QUERY () is a difficult function to learn. Learning the new syntax is difficult, so if you want to use QUERY () for more advanced filtering and sorting, you need to learn more SQL. Column numbers are subject to change. This also exists in the first method, but you need to keep track of the column numbers in the source Google Sheets. When new columns are added, you need to adjust the SELECT clause to “select” the appropriate columns and bring them into your target Google Sheet. The last word about using Google Sheets is the database.

You can spend another episode about the pros and cons of using Google Sheets as a database for your team or company, but try to keep the last word short.

People who don’t use Google Sheets and Excel every day get tired of finding such workarounds to get the data they need. The sooner you accept that business-critical data is inevitably stored in an Excel file or Google Sheets, the sooner you can get the job done. I’ve written about unconventional spreadsheet use cases before, and this scenario is no exception.

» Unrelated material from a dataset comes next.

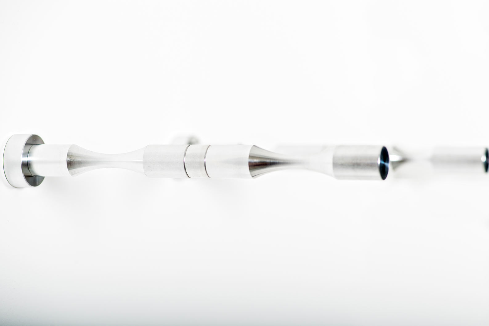 El espaciador Vino Pins para soportes de botellas mágnum se fija entre un juego de inicio Vino Pins (se vende por separado) y un conjunto de ampliación Vino Pins (se vende por separado) para permitir una configuración de botellas mágnum o de champán de doble profundidad.
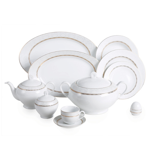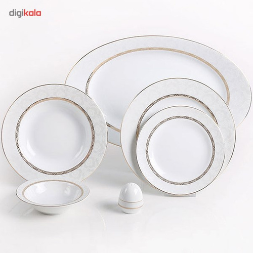 برای انتخاب ظروف سرو باید همیشه نهایت ذوق و سلیقه خود را به کار بگیرید. در وهلهی اول زیبایی ظرف و در نهایت دوام و کیفیت آن باید مورد تایید باشد. سرویس غذاخوری 102 پارچه «چینی زرین ایران» سری ایتالیا اف مدل «هدیه» با کیفیت ساخت عالی، جای خود را نه تنها در خانههای ایرانی باز کرده و مورد استقبال واقع شده است. این سرویس چینی برای 12 نفر طراحی شده و تمامی ظروفی که برای برگزاری یک مهمانی به یاد ماندنی نیاز دارید را در خود دارد. اقلام این سرویس پذیرایی شامل یک ظرف سوپ دردار با گنجایش 3000 سیسی، یک عدد کاسه بزرگ سالاد با قطر 24/5 سانتیمتر، 12 عدد پیاله با قطر 14/5 سانتیمتر است. دو عدد دیس بیضی شکل با قطر 38 سانتیمتر و یک عدد با قطر 42 سانتیمتر نیز در سرویس چینی مدل هدیه داریم. بشقابهای غذاخوری 18 عدد بودهاند و به شکل دایره و با قطر 25 سانتیمتر هستند. 12 عدد بشقاب خورشخوری با قطر 22/2 سانتیمتر و 18 عدد پیشدستی نیز با قطر 19 سانتیمتر به همراه یک قوری با گنجایش 1100 سیسی از دیگر اقلام این سرویس هستند. ست چایخوری این سرویس چینی شامل 12 عدد فنجان دستهدار با قطر 8 سانتیمتر، 12 عدد نعلبکی با قطر 14 سانتیمتر، دو عدد قندان با گنجایش 330 سیسی و دو شکرریز با گنجایش 330 سیسی است. و در نهایت 6 عدد نمکدان با گنجایش 55 سیسی تکمیل کننده اقلام سرویس سری چینی زرین ایران مدل هدیه است. رنگ اصلی این سرویس سفید بوده و با طلا تزیین شده است. فناوری دکور آن رو لعابی است و به واسطه تزیینات طلا نباید در ماشین ظرفشویی شسته شود. رنگ طلایی این سرویس زیبا به حدی چشمگیر است که دیدگان را به خود خیره میکند.

I know the database is in Google Sheets. That won’t change. Find the easiest way to get that data into another sheet so you can perform more interesting analyzes that are important to your business. If you’re interested in the data that resides in the database and that analysts can query the data using different BI tools, join data engineering and become a change agent within your organization to move everyone out of the spreadsheet. You should consider doing it. It’s a huge task, and most of the time it’s a difficult battle.